La composición puede comprender además ingredientes adicionales tales como una o más enzimas, por ejemplo, pectinasas, que incluyen una (por ejemplo, endo)-arabinasa y ramnogalacturonasa, otras celulasas, xilanasas, galactanasas, manasas y/o xiloglucanasas. El polipéptido es típicamente establemente formulado en forma líquida o seca. Típicamente, el producto se hace como una composición que opcionalmente incluirá, por ejemplo, un regulador y/o conservante estabilizante. Las composiciones también pueden incluir otras enzimas capaces de digerir material o celulosa vegetal, por ejemplo otras celulasas, por ejemplo, (β-D-)glucanasas. Para ciertas aplicaciones, se puede preferir la inmovilización de la enzima sobre una matriz sólida o la incorporación sobre o en partículas

portadoras sólidas. La composición también puede incluir una variedad de otras enzimas degradantes de material vegetal, por ejemplo, (otras) celulasas y otras pectinasas.

Los polipéptidos y composiciones de la invención se pueden utilizar por lo tanto en un método de procesamiento de material vegetal para degradar o modificar los constituyentes de celulosa (por ejemplo, β-D-glucano) de las paredes celulares de la planta o material fúngico. Así en un aspecto adicional, la presente invención provee un método para degradar o modificar una célula vegetal o celulosa cuyo método comprende poner en contacto la planta, la célula fúngica o la celulosa con un polipéptido o composición de la invención.

La invención suministra también un método de procesamiento de un material vegetal cuyo método comprende poner en contacto el material vegetal con un polipéptido o composición de la invención para degradar o modificar la celulosa en el material vegetal. Preferiblemente el material vegetal es una pulpa de planta o un extracto de planta.

En particular, la degradación preferiblemente comprende escindir las subunidades de β-glucano de un componente de celulosa de la pared de la célula vegetal. El material vegetal es preferiblemente un cereal, vegetal, fruta o vegetal

o pulpa o extracto de fruta. La presente invención provee además un material vegetal procesado obtenible al poner en contacto un material vegetal con un polipéptido o composición de la invención.

La presente invención también suministra un método para reducir la viscosidad de un extracto de planta cuyo método comprende poner en contacto el extracto de planta con un polipéptido o composición de la invención en una cantidad efectiva para degradar la celulosa (o β-D-glucano) contenida en el extracto vegetal.

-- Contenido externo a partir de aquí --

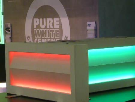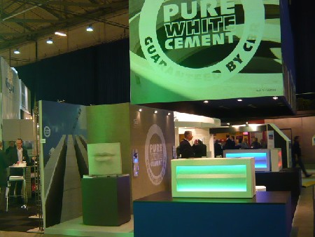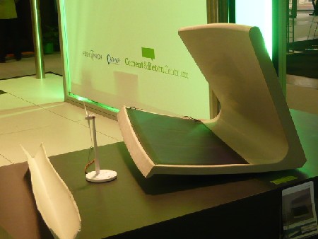 Bijzonder interessant was de stand van het Cement & Beton Centrum. Hier kregen we prototypes te zien van allerhande nieuwe betontoepassingen waarvoor een producent en een ontwerper de koppen bij elkaar gestoken hadden. Dit kaderde in het programma De Energieke Gevel waaraan ook Febelarch en enkele Belgische fabrikanten hebben meegewerkt waaronder Decomo, Prefadim en Arbeco. Deze laatste firma had samen met het Nederlandse architectenbureau Van Wylick het PVLT-beton ontwikkeld.

La planta y los materiales que contienen celulosa incluyen pulpa vegetal, partes de planta y extractos de plantas. En el contexto de esta invención un extracto de un material vegetal es cualquier sustancia que se pueda derivar del material vegetal mediante la extracción (mecánica y/o química), procesamiento o por otras técnicas de separación. El extracto puede ser jugo, néctar, base, o concentrados hechos de los mismos. El polipéptido se puede utilizar en licuefacción (por ejemplo, total) y/o maceración (avanzada), por ejemplo, para preparar zumos (de fruta). El material vegetal puede comprender o ser derivado de vegetales, por ejemplo, zanahorias, apio, cebollas, legumbres o plantas leguminosas (soja, fríjol de soja, guisantes) o frutas, por ejemplo, pomos o frutas de semilla (manzanas, peras, membrillo, etc.), uvas tomates, cítricos (naranja, limón, lima, mandarina), melones, ciruelas, cerezas, grosellas negras, grosellas rojas, frambuesas, fresas, arándanos, piña y otras frutas tropicales, árboles y partes de los mismos (por ejemplo, polen, provenientes de árboles de pino), o cereales (avena, cebada, trigo, maíz, arroz).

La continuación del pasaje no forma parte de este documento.